DATASET EXTRACT:
*** Block opens ***

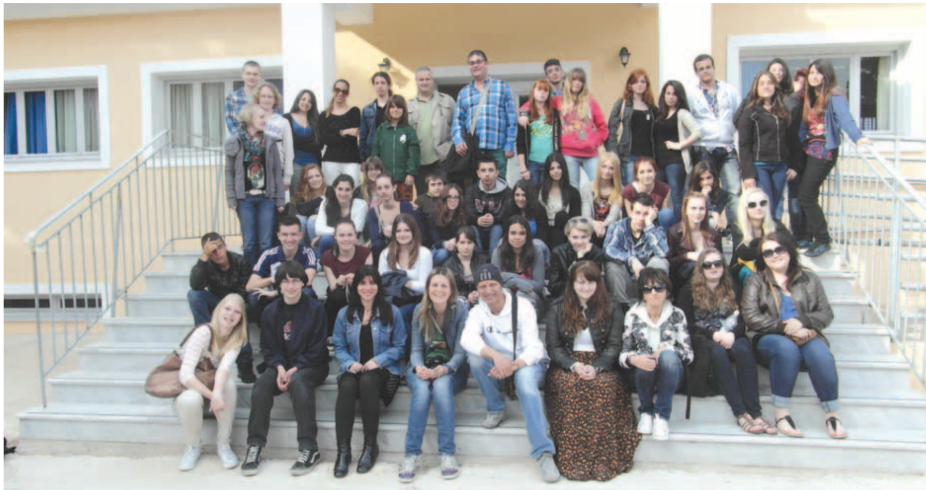
Loo kooli õpetajad ja õpilased Kreekas.

Lähim politseiasutus: Ida-Harju Politseijaoskond, Maardu Karjääri 11, tel. 612 4611
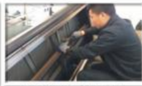
宏光F2扶手带导向轮更换
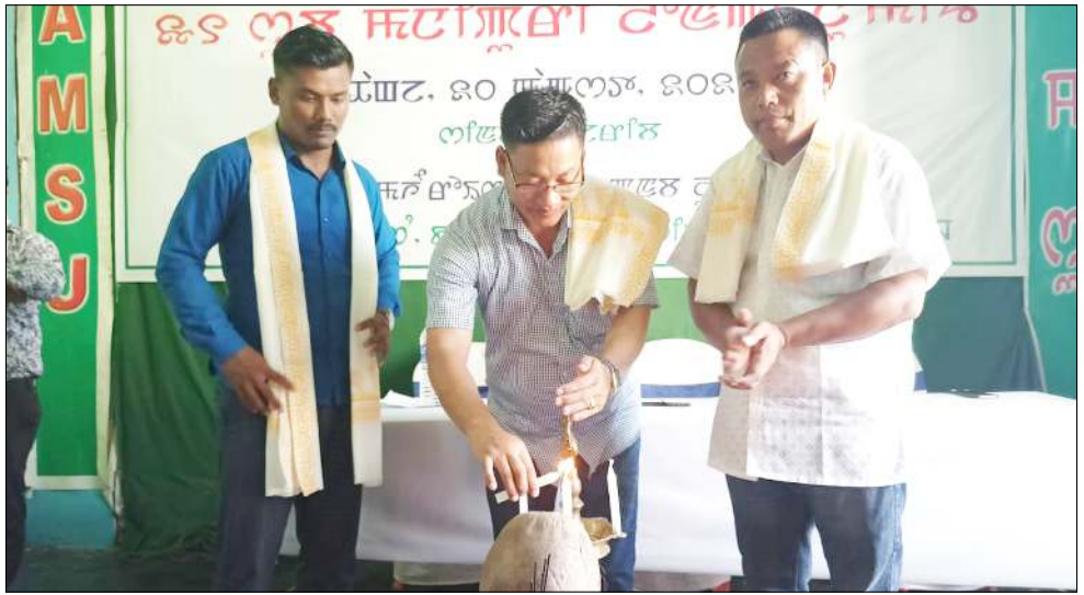
ওল মণিপুৰ ষ্টুডেন্টস যুনিয়ননা শীলুনা দি এম যুনিভাৰ্চিটি কম্পেন্সদা লৈবা যুনিয়ন অসিগী হেদ কাৰ্টৱা পাঙথোকখিবা ৩১ শুবা মণিপুৰী লোদগী নুমিং যৌৱম

অসিদা লেমহৌৰিবা চয়েংনবগী মফম ৬ অদুগী মতাংদা বারোইশিন পুৰুল্লগা ৰিজনেল কমিটিশিং শেমদুনা য়েংশিনহনবগী মতাংদা খন্নগনি। স্টেট অসিদা লৈরিবা মেঘালয়া দেমোকেটিক এল্লাইল গভৰ্ণমেণ্টকী অমতা গুইৰবা পাৰ্ দমদি চয়েংনদুনা লৈরিবা ওমখৈগী ৰাথোকশিং অসিগী বারোইশিন অমা পুৰুল্লগা হোংনবনি। হৌখিবা মাৰ্চ থানা চয়েংনবা কয়া লৈৰহুদগী ৰাশিন্গা পুৰন্তু না ৰাথোক লোইশিনশ্ৰিবা মফম ৬ অদুদি ত্ৰাবাৰি (৪.৬৯ স্কাৰ কিমি), গিজিং (১৩.৫৩ স্কাৰ কিমি), হাইম (৩.৫১ স্কাৰ কিমি), বোক্তাপাৰা (১.৫৭ স্কাৰ কিমি), খলাপাৰা-পিলিকাতা (২.২৯ স্কাৰ কিমি) অমসুং ৰতাচোৱা (১১.২০ স্কাৰ কিমি) নি হায়রি।
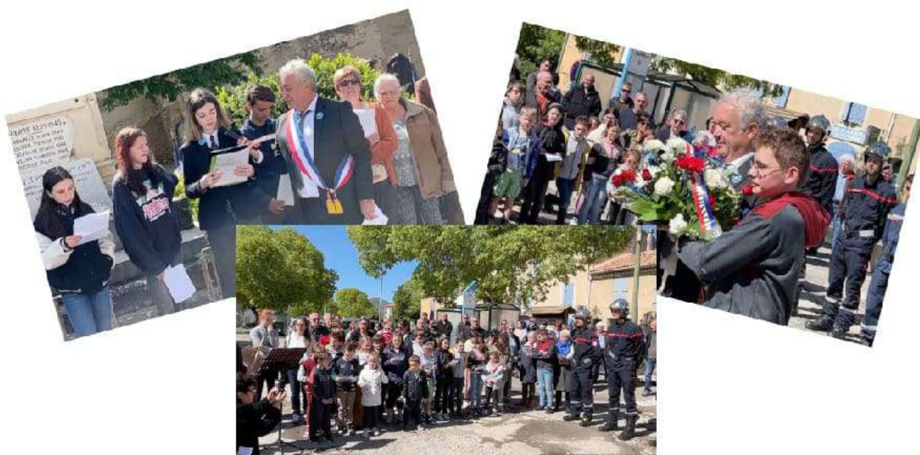
Cérémonie du 8 mai

Voici une petite rétrospective des événements qui ont jalonné ces 6 mois.
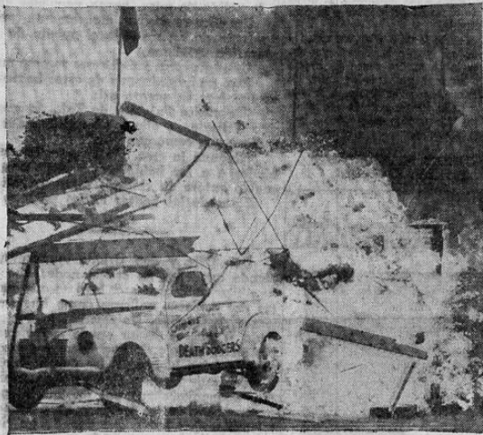
A TRAVES DE LAS LLAMAS

Tito Guizar, en persona, a la media noche de ese día, comenzó las averiguaciones para determinar quién fue el criminal. (Continuará mañana)
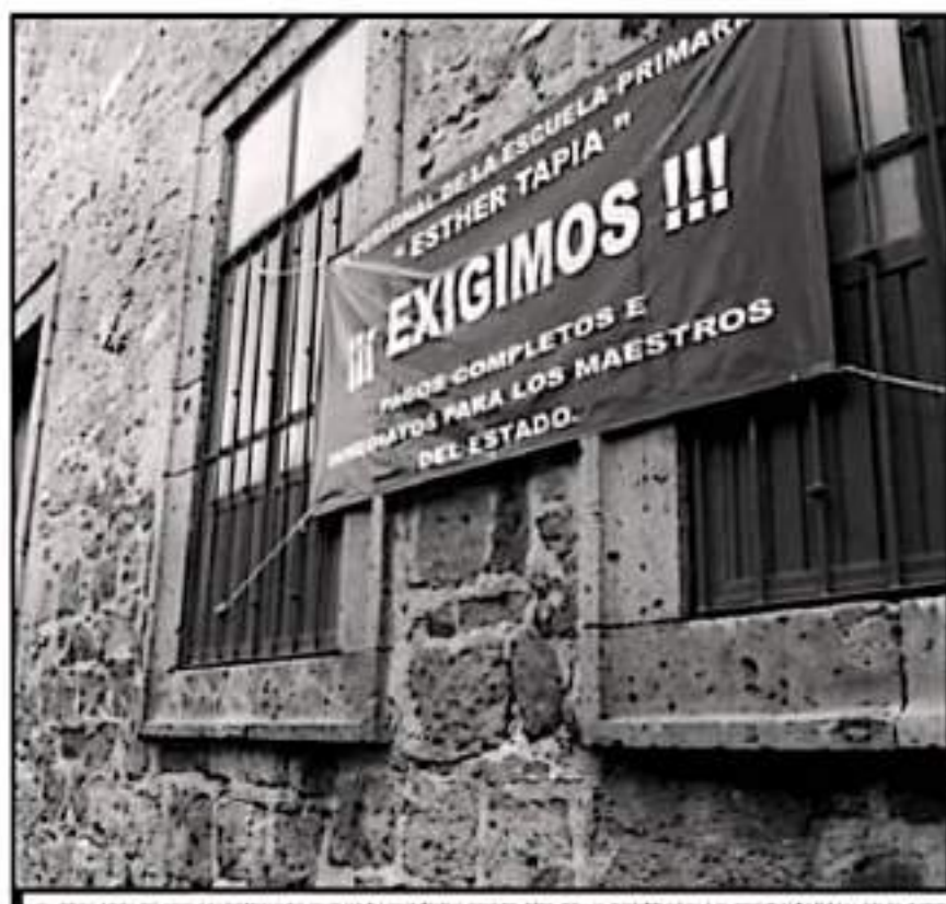
EL PELIGRO DE LOS MAESTROS ES QUE SI PAGAN TODO COMPLETO, DE LO CONTRARIO NO COMENZARÁN LAS CLASES

La fracción docente descarta que haya un nuevo escenario de impago y por lo menos hasta el cierre de esta edición no se ha tenido información sobre la distribución prevista a los trabajadores a través
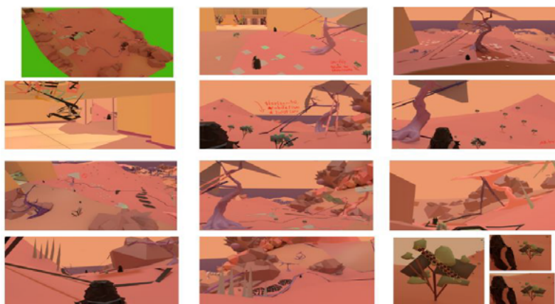
Estudos e aspectos do ambiente 1 (imagem Projeto 10 Dimensões 2025)

Este é o ambiente mais alto, conta com árvores altas, arbustos com frutas e detalhes poligonais para direcionar um caminho até o segundo ambiente, apesar do direcionamento, qualquer outra tentativa cai no segundo ambiente.
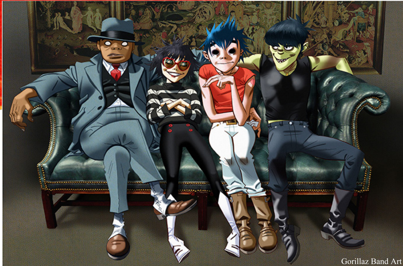
Gorillaz Band Art

"I'LL SAY TO YOUNG ARTIST TO ALWAYS DRAW, DESIGN OR CREATE FROM THE THINGS THAT EXCITE YOU, NOT WHAT YOU THINK SHOULD BE INSPIRING YOU."
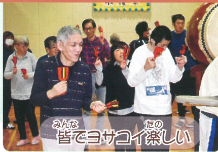
みんな 皆でヨサコイ楽しい
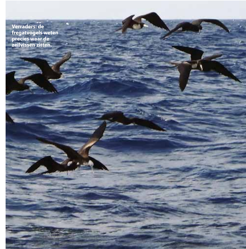
Verraders: de fregatvogels weten precies waar de zeilvissen zitten.
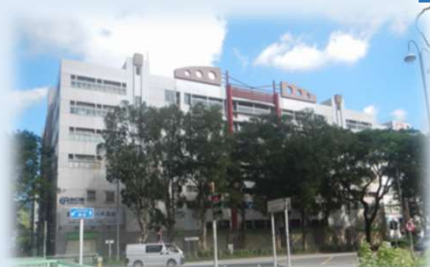
Ally PCB (HongKong)
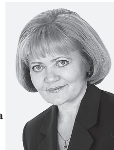
Председатель Законодательного Собрания Свердловской области Людмила Бабушкина поздравила коллег и всех земляков:

Сегодня Свердловская область входит в число динамично развивающихся регионов России. Здесь реализуются перспективные экономические проекты, проводятся масштабные международные мероприятия. Во многом это заслуга депутатского корпуса. За минувшие 20 лет сделаны огромные шаги в становлении и совершенствовании регионального законодательства. Правовая база Свердловской области стала основой для развития экономики, социальной сферы, поддержки здравоохранения, образования, науки и культуры, повышения благосостояния населения. В связи с этим мы напомним вам, уважаемые читатели, о законодательных решениях в различных сферах жизни на Среднем Урале за последние годы.
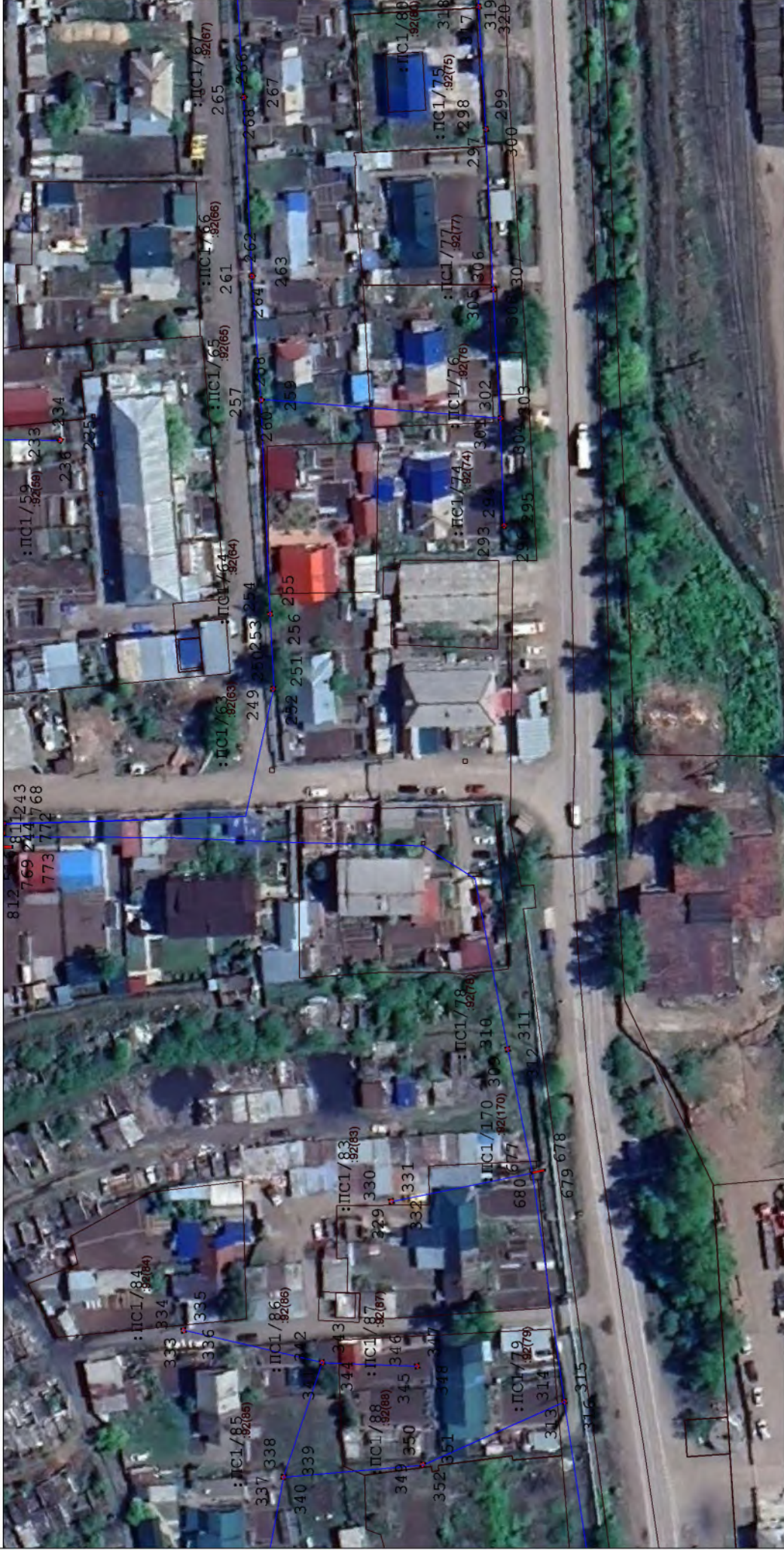
Масштаб: 1 : 1000
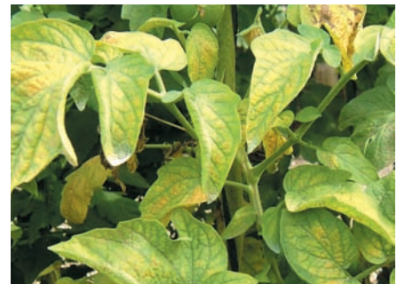
Tetranychus en tomate.
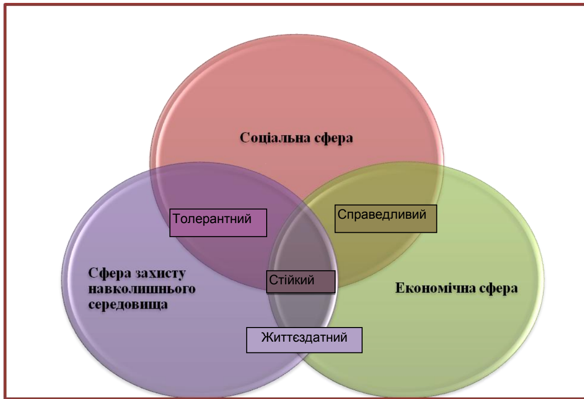
Рис. 1. Модель сталого розвитку [4]

високий рівень освіти населення може зміцнити трудовий капітал країн і тим самим позитивно вплинути для економічного зростання ЄС.
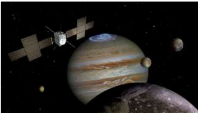
Die eurp. Raumsonde JUICE untersucht das Jupitersystem
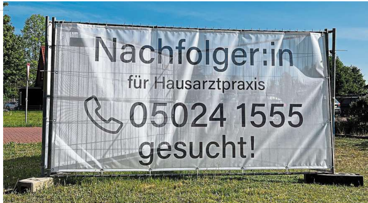
Auch dieses Banner vor der Praxis von Malgorzata Robak direkt an der B 215 ist Teil der Werbekampagne.

Entstanden sind Postkarten, die demnächst an jeden Haushalt verteilt werden, ein YouTube-Video, das auch die Social-Media-Gemeinde erreichen soll, und eine Anzeige, die im Deutschen Ärzteblatt geschaltet wird. Hinzu kommt das Bauzaun-Banner direkt vor der Praxis an der B 215, das
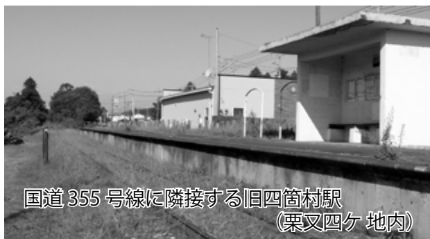
国道355号線に隣接する旧四箇村駅(栗又四ヶ地内)
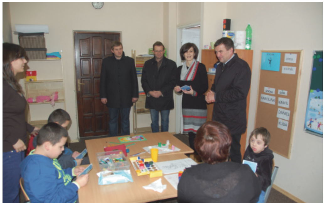
Wizytacja szkoły w Chełmcu.

ny otrzymały od wójta i brało udział 10 drużyn kowic, Piątkowej, Janu- dyrektora szkoły dyplomy oprócz drużyn zwycię- szowej, Klęczan, my oraz pamiątkowe skich również drużyny Rdziosstwa i Wielogłów. puchary. W turnieju z Chomranic, Marcin- K.Z.
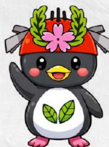
しびらっきー (ゆるキャラVer.)
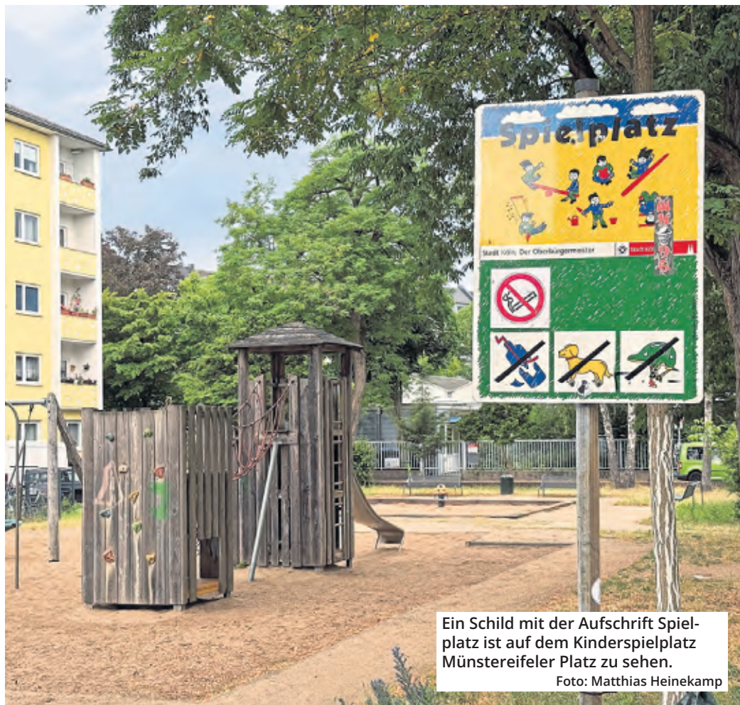
Ein Schild mit der Aufschrift Spielplatz ist auf dem Kinderspielplatz Münstereifeler Platz zu sehen.

Für die neuen Anschaffungen wird die Stadt das schon entworfene Design nutzen, nimmt aber von der kontroversen Benennung „Spiel- und Aktionsfläche“ Abstand. Eine offizielle Mitteilung stellt unmissverständlich fest: „An der Bezeichnung Spielplatz wird weiterhin festgehalten.“
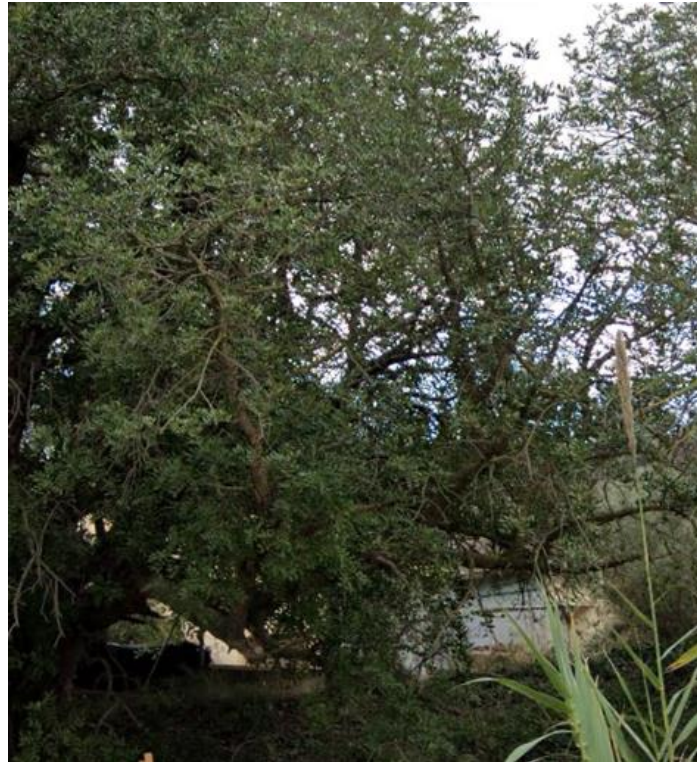
A.3.8. Suport 8: P-93, coordenades X 339.829 - Y: 4.560.844. Substituir suport de fusta 8 D a fusta 8 C.

Plaça de Catalunya, 1 – 43392 Castellvell del Camp (Tarragona) – Tel. 977 855 008 – Fax 977 855 173 – NIF P43043001 ajuntament@castellvelldelcamp.cat

*** Block closes ***

Reproduce the data above exactly, but only from the line containing "A TRAVES DE LAS LLAMAS" through the line containing "EL PELIGRO DE"; skip the pictures.

ANSWER SECTION:
A TRAVES DE LAS LLAMAS

Tito Guizar, en persona, a la media noche de ese día, comenzó las averiguaciones para determinar quién fue el criminal. (Continuará mañana)
EL PELIGRO DE LOS MAESTROS ES QUE SI PAGAN TODO COMPLETO, DE LO CONTRARIO NO COMENZARÁN LAS CLASES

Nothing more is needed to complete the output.